Analyzer.setWindow(Integer size);The setWindow function is primarily used to control the maximum display width in the console output, where the size parameter represents the number of characters.
Analyzer.resetBenchmark();The resetBenchmark function is used to clear the current benchmark's statistical data.
Analyzer.showBenchmark();The showBenchmark function is used to show the current benchmark's statistical data.
Analyzer.showCallGraph();The showCallGraph function is used to show the Call Graph of current sample. If autoAnalysis or chainAnalysis is used before showCallGraph function, it will show the Call Graph of the last sample.
Analyzer.showTypeGraph();The showTypeGraph function is used to show the Type Graph of current sample.
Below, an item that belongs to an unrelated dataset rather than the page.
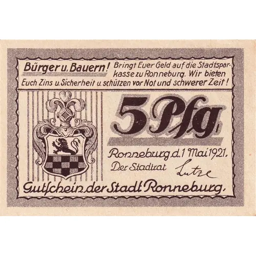 | Vorderseitenlegende | Bürger u. Bauern! Bringt Euer Geld auf die Stadtspar- kasse zu Ronneburg. Wir bieten Euch Zins u. Sicherheit u. schützen vor Not u. schwerer Zeit! 5 Pfg. Ronneburg d. 1. Mai 1921 Gutschein der Stadt Ronneburg |

If autoAnalysis or chainAnalysis is used before showTypeGraph function, it will show the Type Graph of the last sample.
Analyzer.showMemoryGraph();The showMemoryGraph function is used to show the Memory Graph of current sample. If autoAnalysis or chainAnalysis is used before showMemoryGraph function, it will show the Memory Graph of the last sample. (Memory Graph is a special case of the Static Value-Flow Graph (SVFG) presented in the paper.)
saveBenchmark(String filename);The saveBenchmark function is used to save the current benchmark's statistical data into a file specified by the filename parameter, which must have the .json extension.